The Bird Feeder Dilemma – Are Your Event Menus Full of Baffles?
I’m having a moral dilemma…
When we moved into our home three years ago, we inherited a birdfeeder. Watching the birds come and go, filling our yard with color and life, was such a joy that we added a second feeder last year—this one with a camera so that, with the help of AI, we could identify all the birds. 🐦⬛ That has been amazing! Last week an (Baltimore) Oriole visited. 🩷
Of course, the squirrels 🐿️ , raccoons 🦝, and a bear 🐻 caught on. At first, the squirrels were climbing the poles, so I put up baffles on each pole—metal barriers meant to keep them from reaching the food. It worked… for a while. Then, one morning, I got up to find that ALL of the food was gone.

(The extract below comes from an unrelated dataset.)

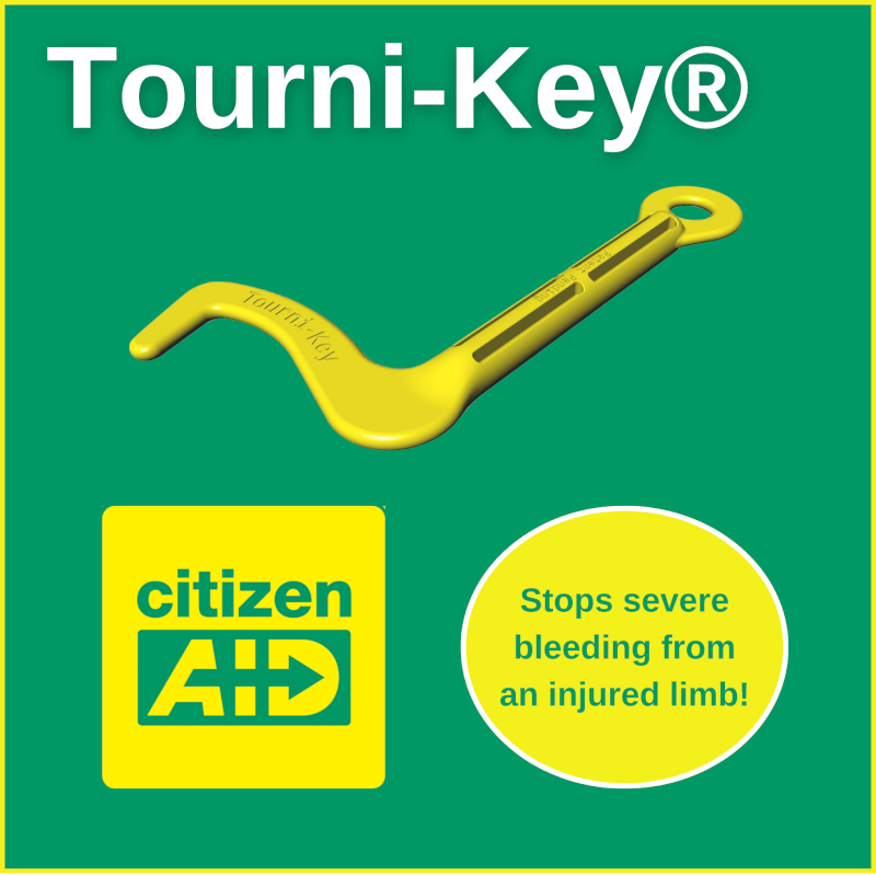 Designed and manufactured by citizenAID®, the Tourni-Key combines a novel tough plastic lightweight device, a triangular bandage to act as an effective tourniquet to stop severe bleeding from an injured limb, and an anti-pinch card to stop skin bunching.

Thanks to the camera, I saw that a raccoon had figured out a way around the baffle and just hung on with all of his “hands” to eat his heart out. OMG! Can you hear the names I’m calling him!?!? So, I added a second baffle.
We thought we had it all figured out on the other feeder until we watched squirrels launch themselves EIGHT feet from a branch, like the tiny daredevils they are, to get to the food. So, I moved the feeder and trimmed the branches.
The bear just BENT the pole in half to get the feeder to the ground.
Now, I’m having a bit of a dilemma. I love feeding the birds. That was the whole point. But in doing so, I’ve made it nearly impossible for the squirrels and raccoons to eat. Whether I meant to or not, I’ve created barriers.
𝘼𝙣𝙙 𝙩𝙝𝙖𝙩 𝙜𝙤𝙩 𝙢𝙚 𝙩𝙝𝙞𝙣𝙠𝙞𝙣𝙜—𝙝𝙤𝙬 𝙤𝙛𝙩𝙚𝙣 𝙙𝙤𝙚𝙨 𝙩𝙝𝙞𝙨 𝙝𝙖𝙥𝙥𝙚𝙣 𝙖𝙩 𝙚𝙫𝙚𝙣𝙩𝙨?
When there aren’t clear, inclusive meal options, we put up baffles without even realizing it.
A guest, employee, or attendee with food allergies, religious dietary restrictions, or medical needs might feel like a squirrel desperately trying to reach a meal. Still, every solution they try—asking a server, checking labels, hoping for a safe option—ends in another barrier.
And while I won’t repeat the names I called that raccoon and the squirrels, it does make me wonder: When guests with dietary needs keep asking about options, do planners, venues, chefs, and servers feel the same kind of frustration? Are they silently thinking, ‘Here we go again,’ instead of seeing it as an opportunity to do better?
𝙎𝙤, 𝙝𝙚𝙧𝙚’𝙨 𝙢𝙮 𝙦𝙪𝙚𝙨𝙩𝙞𝙤𝙣: 𝙄𝙨 𝙮𝙤𝙪𝙧 𝙚𝙫𝙚𝙣𝙩 𝙢𝙚𝙣𝙪 𝙬𝙚𝙡𝙘𝙤𝙢𝙞𝙣𝙜 𝙩𝙤 𝙖𝙡𝙡 𝙮𝙤𝙪𝙧 𝙜𝙪𝙚𝙨𝙩𝙨, 𝙤𝙧 𝙞𝙨 𝙞𝙩 𝙛𝙪𝙡𝙡 𝙤𝙛 𝙗𝙖𝙛𝙛𝙡𝙚𝙨?
Every guest deserves a seat at the table—with food that’s safe, satisfying, and accessible.
What do you think? Have you seen baffles in action at an event?